Corte di Giustizia UE: le sanzioni per l’uso di contratti a termine illegittimi

 

Non viola il diritto comunitario la scelta del Legislatore italiano di applicare sanzioni diverse, per il settore privato e il settore pubblico, per il ricorso illegittimo ai contratti a tempo determinato.

Questo, in sostanza, quanto sostenuto dall’Avvocato Generale della Corte di Giustizia europea nelle conclusioni pronunciate in relazione alla causa n. C-494/16.

La questione pregiudiziale avanzata dal giudice italiano, infatti, riguardava le conseguenze sanzionatorie in caso di ricorso abusivo a contratti a termine da parte della P.A.; in particolare ci si chiedeva se fosse compatibile con il diritto comunitario la diversità di trattamento sanzionatorio operata dall’ordinamento italiano, il quale prevede, per il settore pubblico, il divieto di trasformazione automatica dei contratti a termine illegittimi in un contratto a tempo indeterminato (divieto sancito dall’art. 36, co.5, D.lgs. 165/2001) ed invece, per il settore privato, la possibilità di “stabilizzare” il rapporto.

In passato, la Corte di Giustizia aveva già ritenuto che tale “disparità” non fosse contraria alla normativa comunitaria, purché la legge preveda comunque delle sanzioni efficaci per disincentivare, anche nel settore pubblico, il ricorso abusivo ai contratti a termine.

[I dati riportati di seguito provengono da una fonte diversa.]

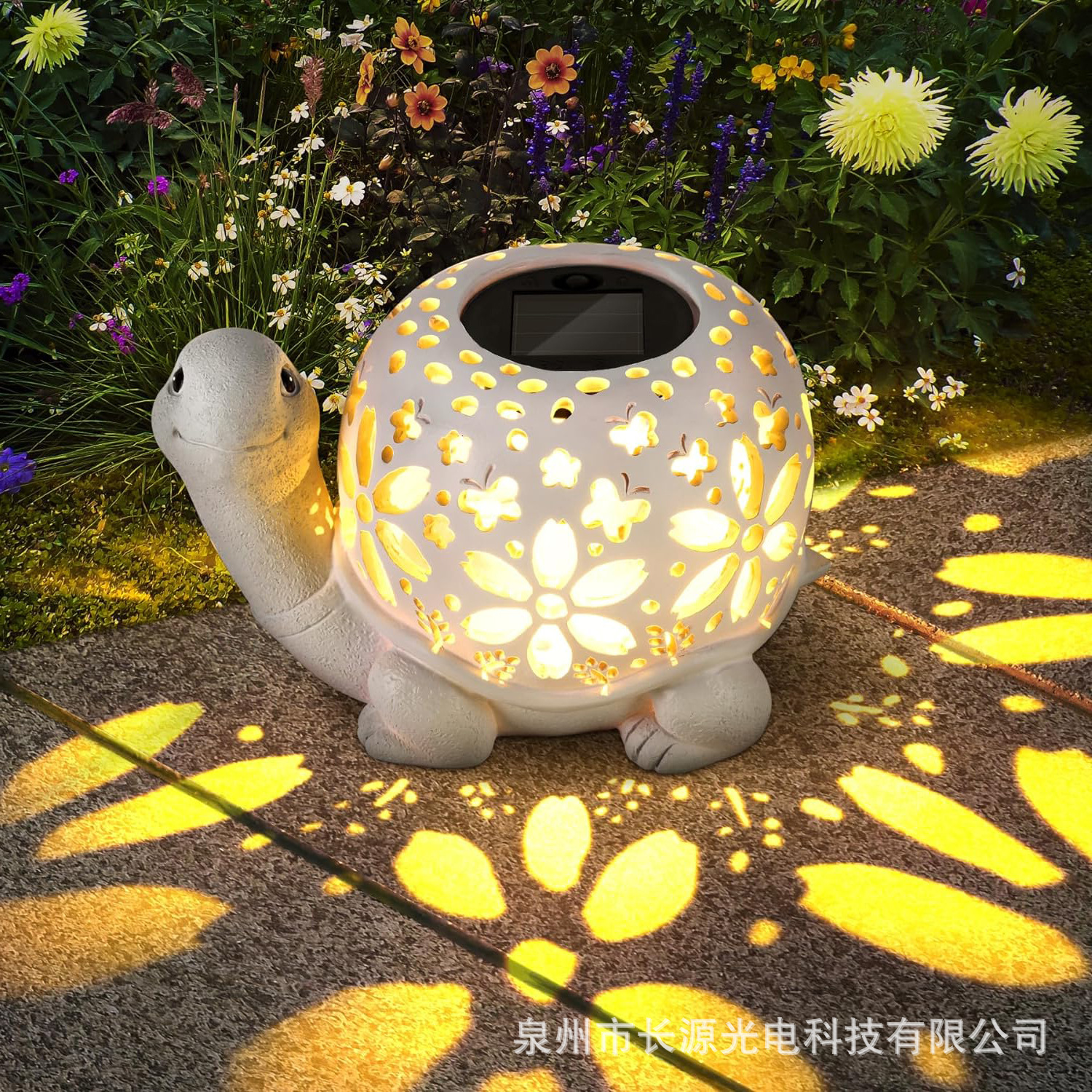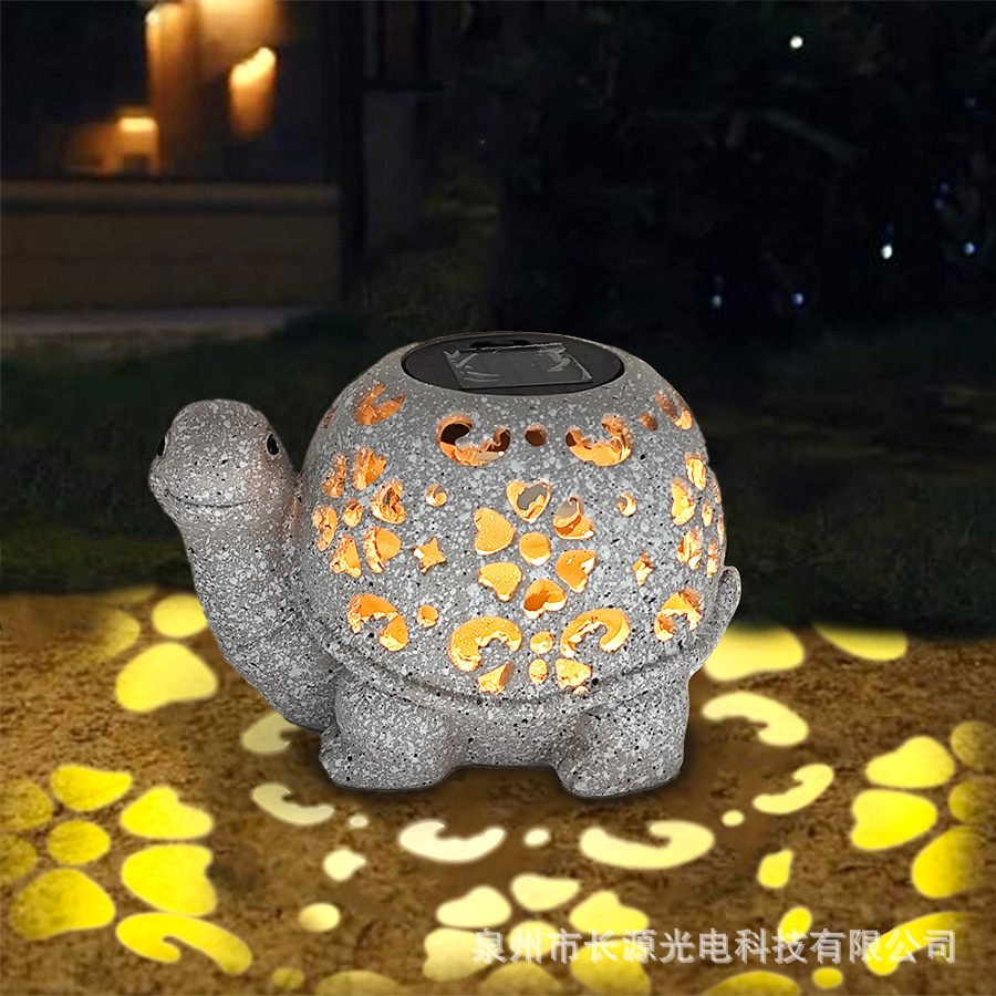 국경 간 안뜰 잔디 장식 태양 중공 거북이 정원 빛나는 장식품 분위기 프로젝션 수지 공예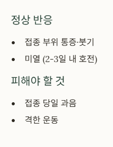 - 접종 부위 통증·붓기·발열은 흔한 반응 (2~3일 내 호전)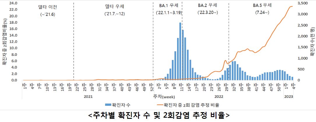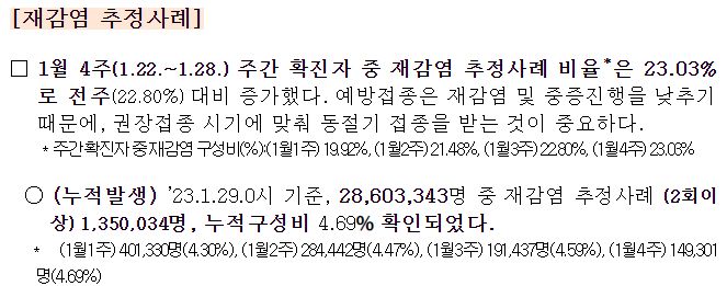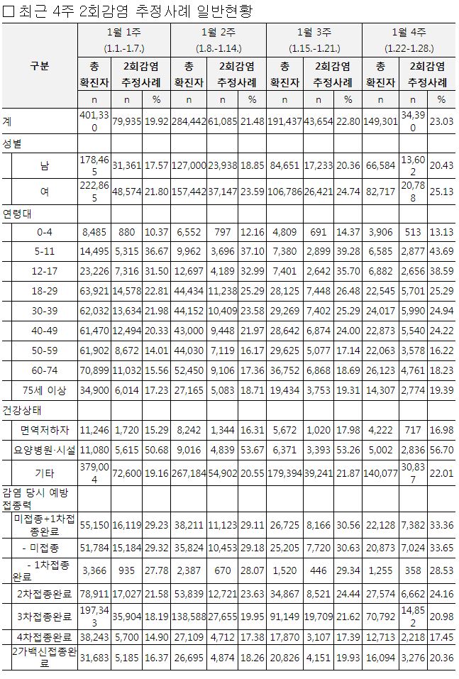 ○ 주간(1.22.~1.28.) 확진자 중 재감염 추정사례 비율 23.03%로 전주(22.80%) 대비 증가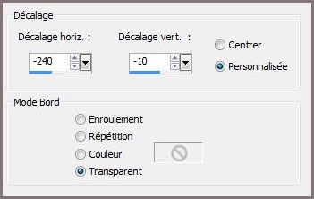 16 - Activer le tube Mary%20081211-11[1].pspimageModifier/Copier/Modifier/Coller comme nouveau calque Image/Redimensionner à 70%/décocher " Redimensionner tous les calques" Image/Renverser horizontalement ( Miroir) **Effets/Effets d'image/décalage :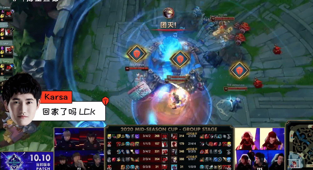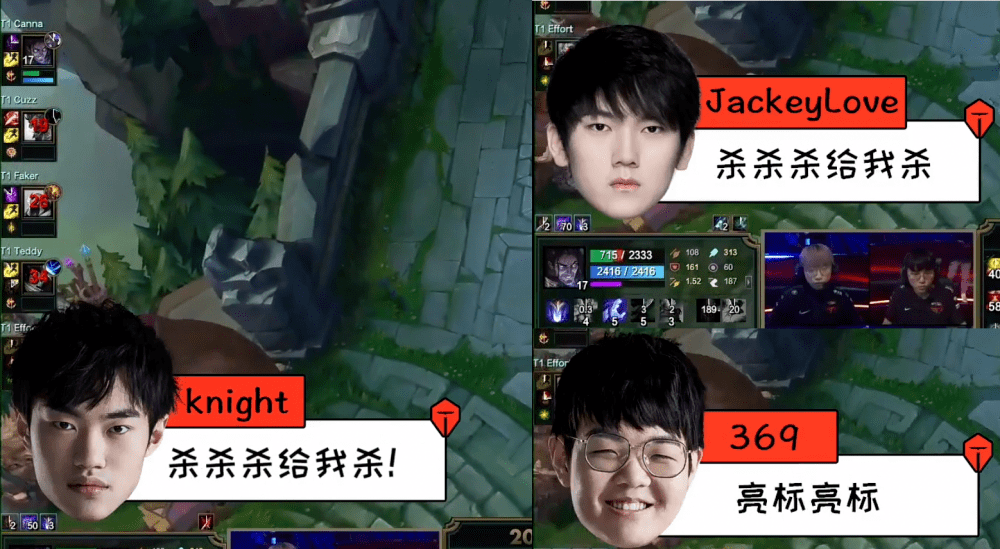 比赛决胜团Knight艾克时空断裂秒杀Faker,收拾完残局中上AD三TP下路推进,T1仅剩上单canna还存活,TES双C大喊开杀,五人合力把泉水开完金身的canna击杀当场,这个时候369开始大喊亮图标。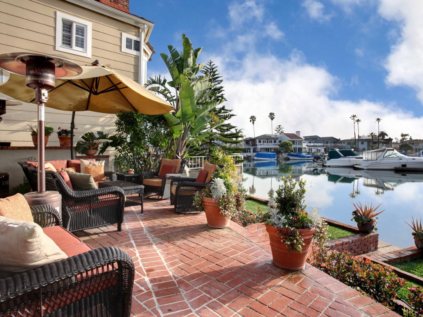 Обои Плетеные кресла и цветы в горшках у набережной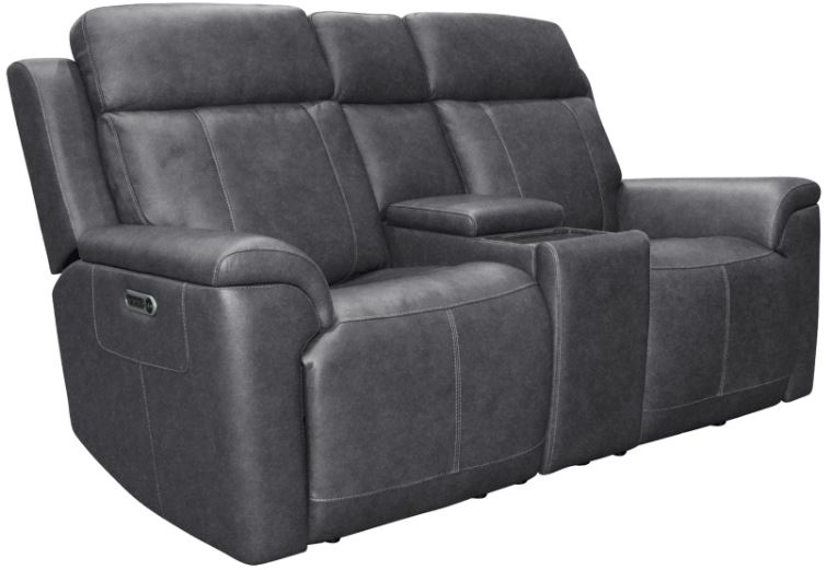 Unwind after a long day with the Amelia power reclining loveseat with console. This charcoal gray, top grain leather loveseat features a generously scaled frame, contoured seats, and padded arms with a welt trim. A center storage console provides a place for remotes and more.

Saranno poi i giudici nazionali garantire concretamente l’effettività di tali sanzioni; sul punto, la Cassazione a Sezioni Unite è intervenuta recentemente (sent. n. 5072/2016) affermando che il dipendente pubblico, in questo caso, ha diritto sia ad un’indennità forfettaria (indipendente dalla dimostrazione del danno subìto) quantificabile tra un minimo di 2,5 mensilità e un massimo di 12 mensilità dell’ultima retribuzione proprio come per i lavoratori del settore privato, sia ad un risarcimento del danno da “perdita di chances” (cioè determinato dall’aver perso altre occasioni lavorative), che però va provato dal lavoratore.

È innegabile che la misura dell’indennità forfettaria rischia in qualche caso di non essere un deterrente sufficientemente dissuasivo, e che per il lavoratore può essere complicato dimostrare il danno da perdita di chance, tuttavia l’Avvocato Generale ha osservato che la normativa italiana in materia non è incompatibile con il diritto comunitario, anche se prevede, per i dipendenti pubblici, il divieto di conversione nel rapporto a tempo indeterminato.

Sarà quindi compito dei giudici effettuare le opportune verifiche del caso e garantire l’effettività della tutela del dipendente attraverso un’adeguata sanzione economica, ossia mediante una corretta quantificazione del risarcimento del danno, che tenga conto anche della durata della violazione.